I should mention that there is a brief scene where Scott’s former manager tries to get him to return to competitive karate. He refuses. His brain tells him, “Stop thinking about that” — to which I would have responded, “Listen, brain, you’re the only one doing any thinking here.”
It is possible that what we’re hearing isn’t Scott’s brain at all but an entirely separate personality, one who argues with Scott and echoes.
Anyway, A.J. finds his way to Ninja Camp and is immediately captured. Like, instantly, the very second he arrives. Aura and Scott aren’t far behind, but Scott won’t let Aura raid the camp with him, even though she would be useful and it would help her atone for the guilt of having trained there herself. Scott is a selfish slab of meat who doesn’t want to share his heroism with anyone other than the voice in his head.
Aura follows him anyway, naturally.

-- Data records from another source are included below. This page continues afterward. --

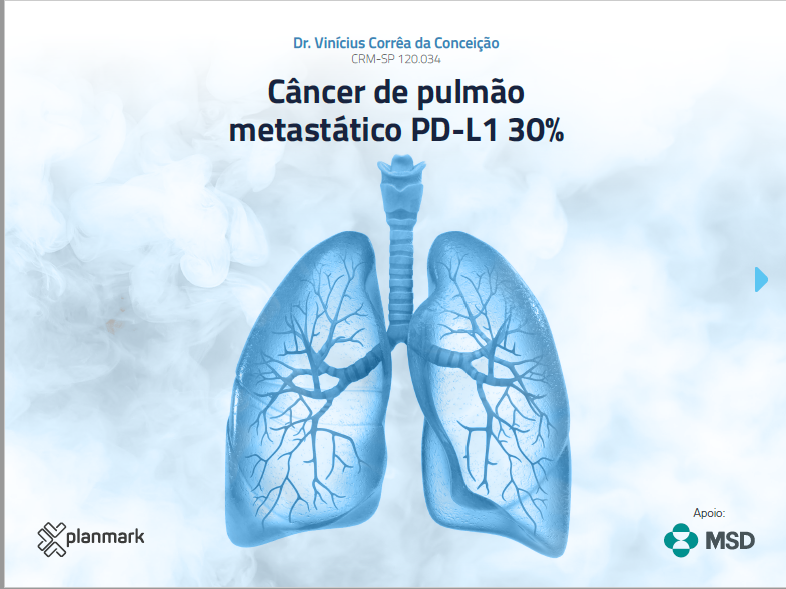Dr. Vinícius Correa discute caso clínico de paciente com Câncer de Pulmão Não Pequenas Células, escamoso e metastático com expressão de PD-L1 de 30%, que foi tratado com imunoterapia em monoterapia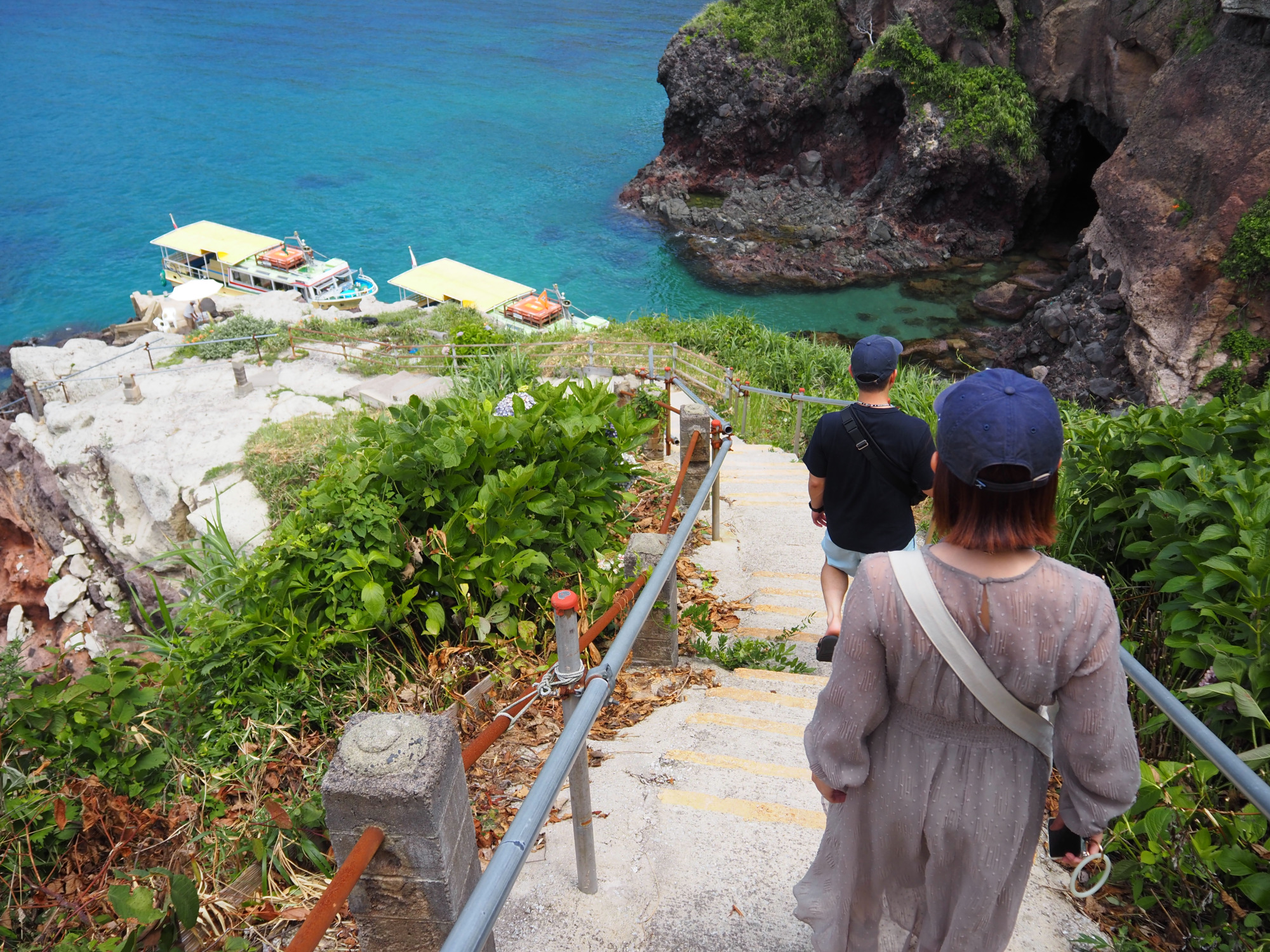 遊覧船に乗るまでの道のりも絶景が続き、海の青さに思わず目を奪われます。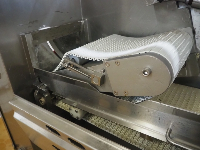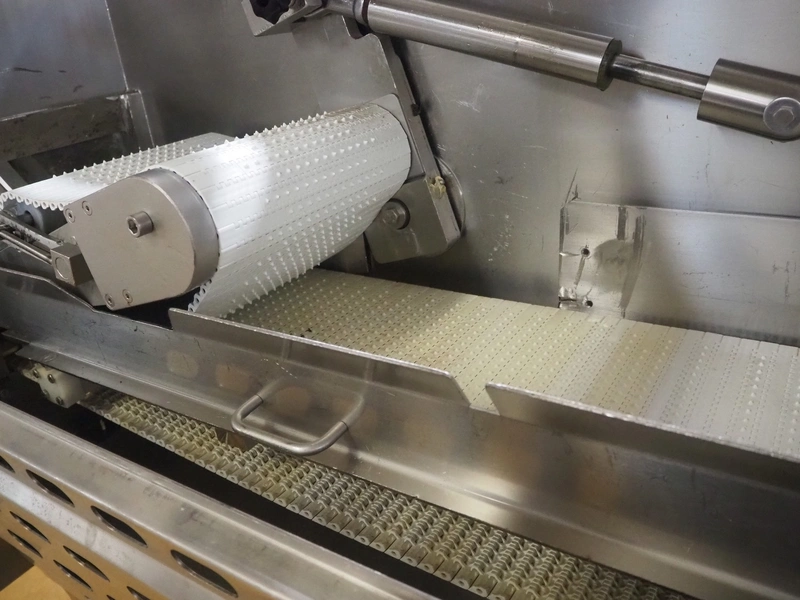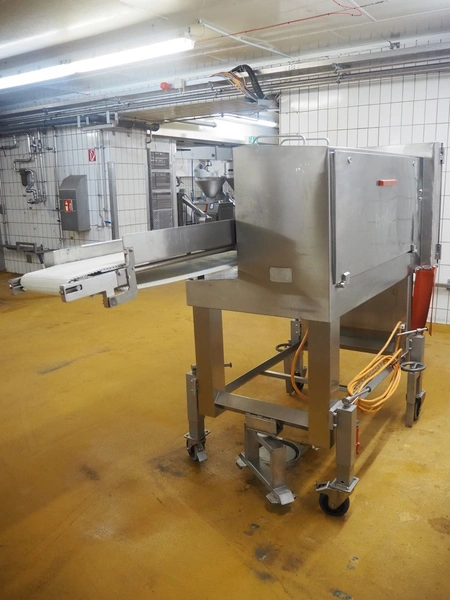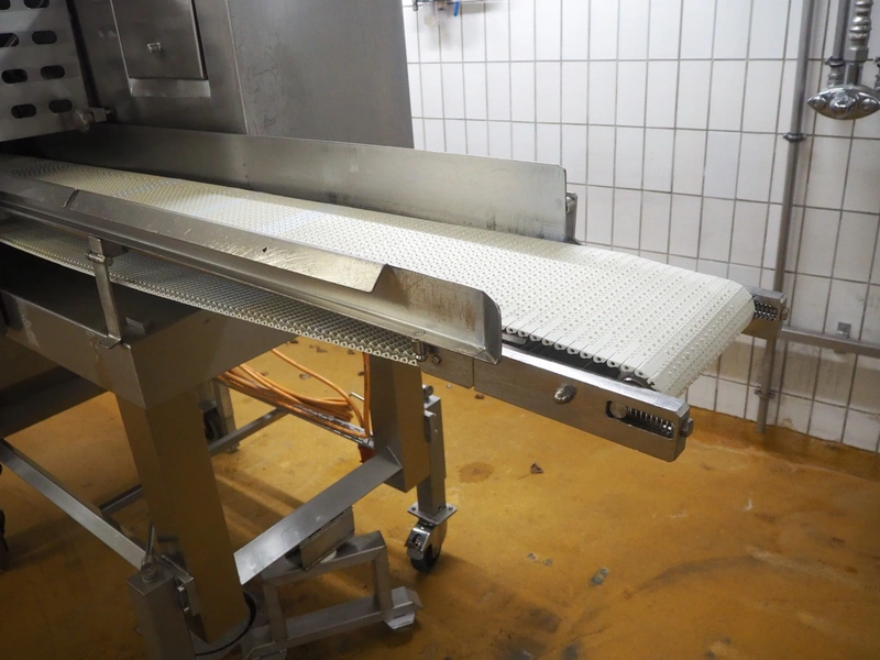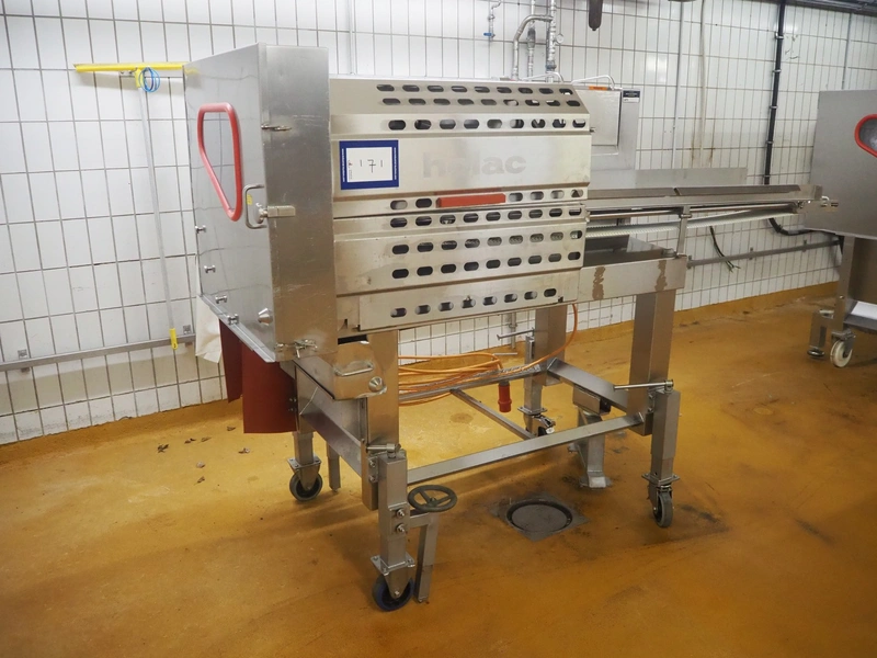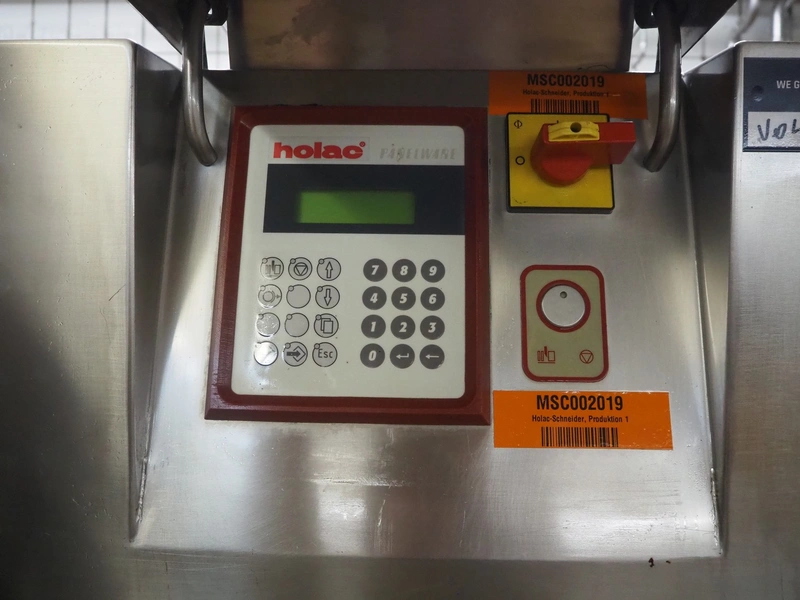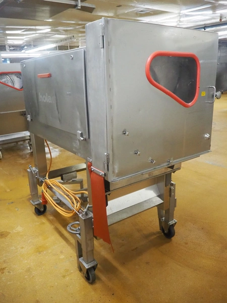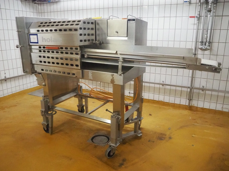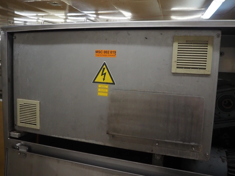 Holac mobile slicer, type: BS 28, machine number: 402-01-02, year of construction: 2007, 400 V, 50 Hz, 12 A, 5 kW, plastic belt, belt width: 280 mm, dimensions chamber: 290 mm x 200 mm, total dimensions: 3000 mm x 1400 mm x 2000 mm.

As he sneaks in, Scott’s brain asks him if he’ll be able to kill Seikura when/if the need arises. Scott lets the question hang there, allowing his brain to have the last word as usual. Then he fights like a hundred ninjas (whose training is revealed to have been shockingly substandard given the level of secrecy and prestige surrounding this place) before facing Seikura’s enforcer, a masked figure whom Scott sets on fire and then slices in half with a sword. This takes place in a big wooden octagon, hence the scintillating title.
Then, finally, Scott battles Seikura himself. A flashback showed us how they became enemies years ago, but it was dumb so I didn’t mention it. (Fine: Seikura got jealous of Scott’s awesomeness, so their father disowned him and ordered Scott to consider him an enemy thenceforth, secondhand grudges being common among practitioners of ancient martial arts.) Remember how Scott wasn’t sure he’d be able to kill Seikura when the time came? Yeah, turns out it’s pretty easy, the end, roll credits.
All of the acting in the film has a community-theater vibe to it, as if a bunch of accountants and dentists and retail clerks got together to make the stupidest movie they could think of for as little money as possible. For all I know, that’s exactly what did happen. You can see why Chuck Norris became a cool action star, though. He’s good at killing people, his mustache holds the secrets of time and space, and his thoughts reverberate audibly off the walls of his skull — the very traits our society prizes above all others. If anyone can save us from thin, silent warrior-mimes, it’s him.